Grok 3 generated countermeasures for four attack types: Okiru, DDoS, C&C, and Horizontal Port Scan. The evaluation focused on relevance, alignment with IoT security best practices [23,24,25,26,27,28], and actionability in smart home settings, as shown in Table 8. For Okiru, there were 16 countermeasures (all relevant, 15 aligned, 14 actionable). For DDoS, 11 countermeasures (all relevant, 10 aligned, 9 actionable). C&C generated 12 countermeasures (all relevant and aligned, 10 actionable). The Horizontal Port Scan had 16 countermeasures (all relevant, 15 aligned, 14 actionable). Aggregated countermeasures by attack type and severity levels are detailed in Table 9.

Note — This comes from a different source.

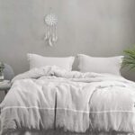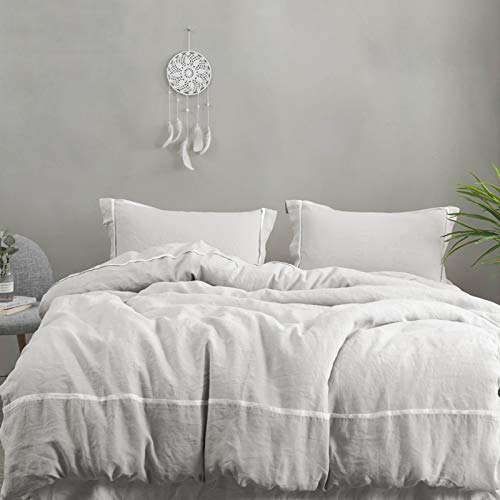 麻リネン100%のシングル寝具カバーセット。薄グレーの横縞デザインで、掛ふとんカバー、ボックスシーツ、枕カバーの3点セット。オールシーズン対応、抗菌防臭、吸湿通気性に優れ、触り心地が良く、北欧風のエレガントなデザインです。
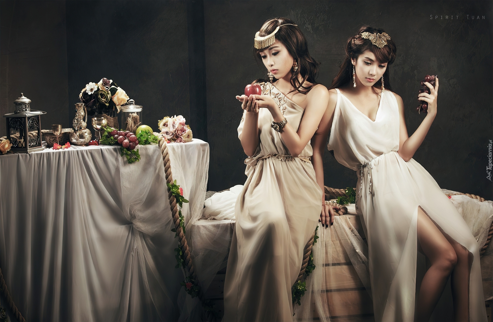 Edytor tapety: Brunetki, Stół, Zastawa

4.4.2. Countermeasures Performance Analysis

The high relevance (100% for all attack types) and strong alignment (e.g., 15/16 for Okiru, 12/12 for C&C) demonstrate Grok 3’s ability to generate countermeasures tailored to specific threats, surpassing static rule-based approaches. The actionability rates (e.g., 14/16 for Okiru, 9/11 for DDoS) indicate practical applicability. The aggregation of countermeasures across attack types and severity levels enhances their usability in diverse IoT scenarios.
The generated countermeasures were manually reviewed to ensure alignment with the recommended actions for each attack type, as outlined in Section 2.3. Each countermeasure listed in Table 9 corresponded with the endorsed mitigation steps for the relevant attack classes (C&C, DDoS, Okiru, PortScan). Grok 3’s countermeasure generation enhances the pipeline’s ability to provide dynamic, actionable responses.

4.5. End-to-End Pipeline Performance and Analysis

This section presents the end-to-end performance metrics, leveraging results from the 10,000-sample experiment (see Figure 6), VAE unsupervised malicious traffic filtering (Figure 7), and BERT classification (Figure 8), followed by analysis, discussion, and limitations.

4.5.1. Pipeline Performance Metrics

The pipeline processed a 10,000-sample test set, comprising 2000 benign and 8000 malicious samples (2000 each for C&C, DDoS, Okiru, and Horizontal Port Scan), as shown in Figure 6. The pipeline achieved a 99.95% end-to-end detection rate, calculated as the proportion of malicious samples correctly identified by the VAE and classified by BERT, as reported in Table 10. The VAE flagged 9054 samples as potentially malicious, including 1054 benign samples incorrectly flagged, yielding a false positive rate (FPR) of 10.54% (Figure 7). BERT refined these results, achieving a 99.90% classification accuracy with only 4 benign samples misclassified as malicious and nine as benign, reducing the FPR to 0.04% (Figure 8). Grok 3 generated countermeasures for confirmed malicious samples, with high quality (e.g., 14/16 actionable countermeasures for Okiru, see Table 8).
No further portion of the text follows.